From the line with "吃饱喝足后,我们来到了手工工" down to the final line of the material, please transcribe everything exactly, but leave the pictures out.
_ _ _
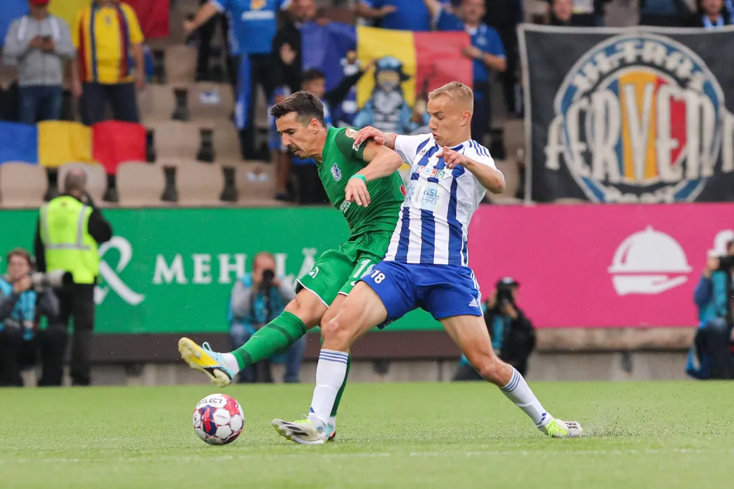Andrei Viorel Artean si Topi Keskinen in meciul de fotbal dintre HJK Helsinki si Farul Constanta, contand pentru UEFA Europa Conference League, desfasurat pe Helsinki Football Stadium din Helsinki, joi 31 august 2023. © FOTO:Antonio Vasile/SPORT PICTURES
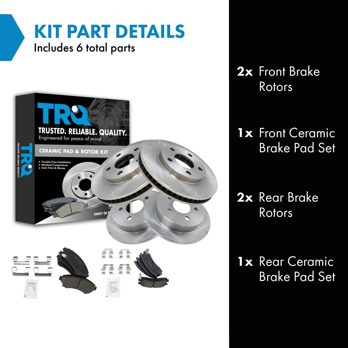Ceramic Brake Pad & Rotor KitKit Includes(1) Front Ceramic Brake Pad Set(1) Rear Ceramic Brake Pad Set(2) Front Brake Rotors(2) Rear Brake RotorsFitmentCompatible with: 1997-03 Pontiac Grand Prix Front & RearCompatible with: 1997-04 Buick Regal Front & RearCompatible with: 2004-05 Buick Century Front & RearCompatible with: 2002-04 Pontiac Montana Front Wheel Drive Front & RearCompatible with: 2000-02 Olds Intrigue Front & RearCompatible with: 1999-01 Pontiac Montana Front & RearCompatible with: 2005 Pontiac Montana Base Model Front & RearCompatible with: 1998-99 Olds Intrigue Front & Rear with RPO Code JB9 Light Duty BrakesCompatible with: 1997-98 Pontiac Trans Sport Front & RearProduct AttributesRear Brake Rotor Diameter: 10.94 in. (278mm)Wheel Lug Count: 5 LugBrake Pad Friction Material: CeramicBrake Pad Bonding Type: Premium PosiRear Brake Rotor Venting Type: SolidProduct Features Positive Molded - Less dust resulting in clean wheels G3000 Casting Alloy - Reduced noise and improved wear resistance Application Specific Design - Extended service life, no modificationsItem DetailsTRQ brake kits are designed to restore your brake system to like-new performance. TRQ brake pads are positive molded, thermal scorched, chamfered, and utilize a multi-layer shim for enhanced performance and service life. TRQ rotors have a non-directional finish that reduces the break-in period for new rotors as well as reducing vibrations throughout the rotors lifecycle. All products are fit and road-tested in our Massachusetts R&D facility to ensure we deliver on our promise of Trusted Reliable Quality.Reference NumbersAimco: 55036, 55039Autopart International: 1412-36526Bendix: PRT5155, PRT5250Buick: 18023377, 18029844, 19152498Cadillac: 18029827Chevrolet: 18023377, 18029828DuraGo: BR55036, BR55039Hollander: 530-01981, 533-02339Oldsmobile: 18023377, 18029827, 18029844Pontiac: 18023377, 18029844, 19152498Raybestos Brakes: 56629, 56629FZN, 56629P, 56629R, 56631, 56631FZN, 56631P, 56631R, EHT698H, EHT699H, MGD698CH, MGD699CH, SGD698C, SGD699CWagner: BD125506, BD125507
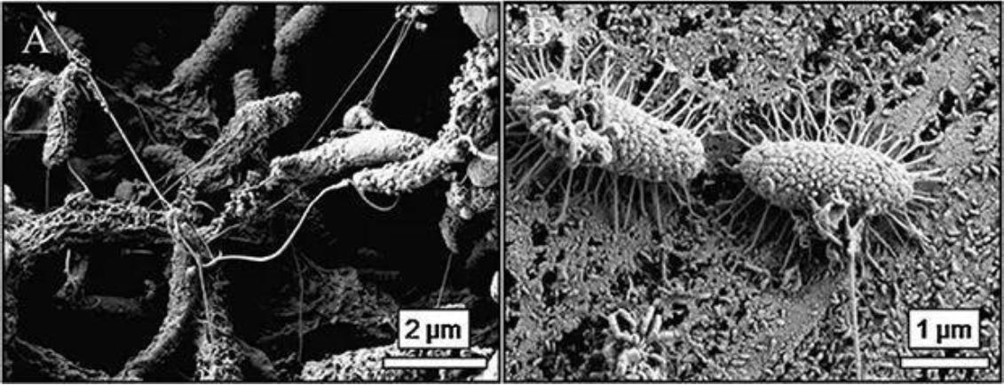 其次是鐵氧化菌,正是它們的存在,推動了地球鐵元素的循環(huán)(Fe2+氧化成Fe3+)。但是,在這個循環(huán)過程中,原本可溶的亞鐵化合物轉(zhuǎn)變?yōu)殡y溶的三價鐵化合物(如Fe(OH)3),逐漸沉積。在鐵制品金屬表面,大量的沉積物會聚集結(jié)痂,從而加速金屬腐蝕發(fā)生。生活中我們常見的鐵制品上面的斑斑銹跡,通常都是這樣產(chǎn)生的。然而鐵氧化菌十分奇特,它們對金屬的腐蝕行為并非一直表現(xiàn)為加速腐蝕,當生物膜和腐蝕產(chǎn)物膜形成致密保護層時,會對金屬基底起到一定保護作用。然而這種保護并不可靠,當生物膜附著到一定厚度之后會逐漸脫落,金屬材料所在環(huán)境中的腐蝕性離子會繼續(xù)對其進行腐蝕。
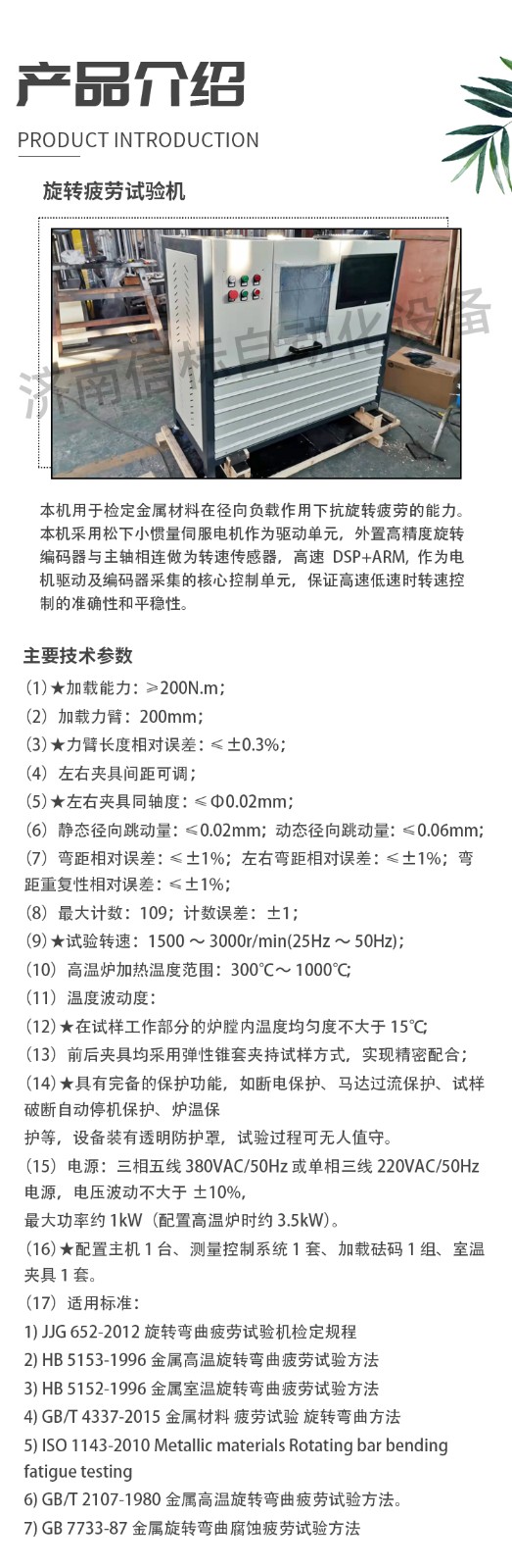 主要技術(shù)指標(biāo)(可根據(jù)客戶材料要求定制) (1)★加載能力:≥200N.m; (2)加載力臂:200mm; (3)★力臂長度相對誤差:≤±0.3%; (4)左右夾具間距可調(diào); (5)★左右夾具同軸度:≤Ф0.02mm; (6)靜態(tài)徑向跳動量:≤0.02mm;動態(tài)徑向跳動量:≤0.06mm; (7)彎距相對誤差:≤±1%;左右彎距相對誤差:≤±1%;彎距重復(fù)性相對誤差:≤±1%; (8)最大計(jì)數(shù):109;計(jì)數(shù)誤差:±1; (9)★試驗(yàn)轉(zhuǎn)速:1500~3000r/min(25Hz~50Hz); (10)高溫爐加熱溫度范圍:300℃~1000℃; (11)溫度波動度: (12)★在試樣工作部分的爐膛內(nèi)溫度均勻度不大于 15℃; (13)前后夾具均采用彈性錐套夾持試樣方式,實(shí)現(xiàn)精密配合; (14)★具有完備的保護(hù)功能,如斷電保護(hù)、馬達(dá)過流保護(hù)、試樣破斷自動停機(jī)保護(hù)、爐溫保 護(hù)等,設(shè)備裝有透明防護(hù)罩,試驗(yàn)過程可無人值守。 (15)電源:三相五線 380VAC/50Hz 或單相三線 220VAC/50Hz 電源,電壓波動不大于±10%, 最大功率約 1kW(配置高溫爐時(shí)約 3.5kW)。 (16)★配置主機(jī) 1 臺、測量控制系統(tǒng) 1 套、加載砝碼 1 組、室溫夾具 1 套。 (17)適用標(biāo)準(zhǔn): 1)JJG 652-2012 旋轉(zhuǎn)彎曲疲勞試驗(yàn)機(jī)檢定規(guī)程 2)HB 5153-1996 金屬高溫旋轉(zhuǎn)彎曲疲勞試驗(yàn)方法 3)HB 5152-1996 金屬室溫旋轉(zhuǎn)彎曲疲勞試驗(yàn)方法 4)GB/T 4337-2015 金屬材料 疲勞試驗(yàn) 旋轉(zhuǎn)彎曲方法 5)ISO 1143-2010 Metallic materials Rotating bar bending fatigue testing 6)GB/T 2107-1980 金屬高溫旋轉(zhuǎn)彎曲疲勞試驗(yàn)方法。 7)GB 7733-87 金屬旋轉(zhuǎn)彎曲腐蝕疲勞試驗(yàn)方法
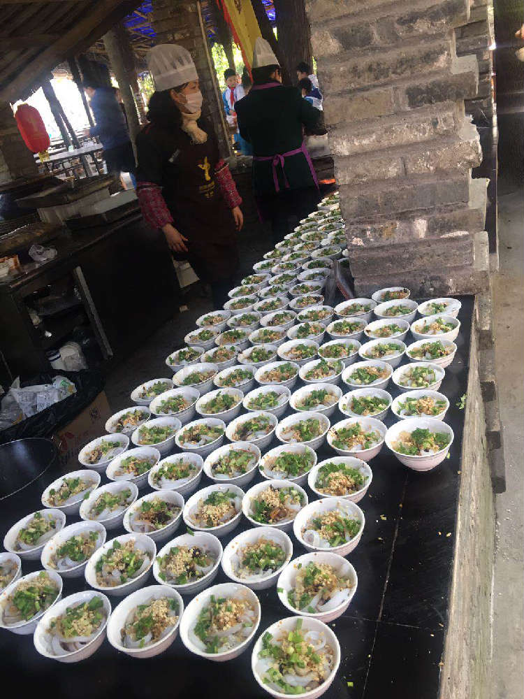 吃饱喝足后,我们来到了手工工艺展示区,观赏让我们最为震撼的“蒙眼大刀金丝面”表演。一位厨师叔叔用纱布蒙上眼睛,手拿一把又长又大的菜刀切一块面皮,他侧着头,用耳朵去听切面的声音,用手摸索着下刀的位置和力度,一刀刀切下去,一根根细如发丝的面条有节奏地列队而出。当叔叔揭开纱布,把面拿起来,穿进一根针里,大家“哇”地惊叫起来,竟然这么细。
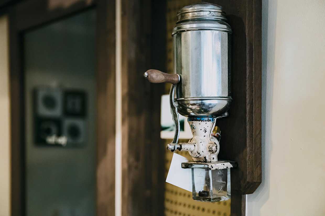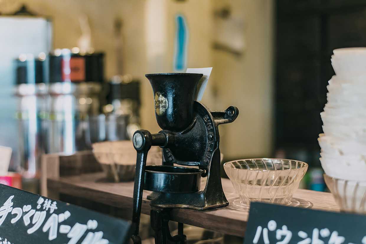 店内には珈琲に纏わる昔ながらのガラスのパンケースや海外ビンテージのアイテムも多く目に止まる。古いモノ好きなら、きっと心をくすぐられるはず。
_ _ _
**Exercise response**
 吃饱喝足后,我们来到了手工工艺展示区,观赏让我们最为震撼的“蒙眼大刀金丝面”表演。一位厨师叔叔用纱布蒙上眼睛,手拿一把又长又大的菜刀切一块面皮,他侧着头,用耳朵去听切面的声音,用手摸索着下刀的位置和力度,一刀刀切下去,一根根细如发丝的面条有节奏地列队而出。当叔叔揭开纱布,把面拿起来,穿进一根针里,大家“哇”地惊叫起来,竟然这么细。
 店内には珈琲に纏わる昔ながらのガラスのパンケースや海外ビンテージのアイテムも多く目に止まる。古いモノ好きなら、きっと心をくすぐられるはず。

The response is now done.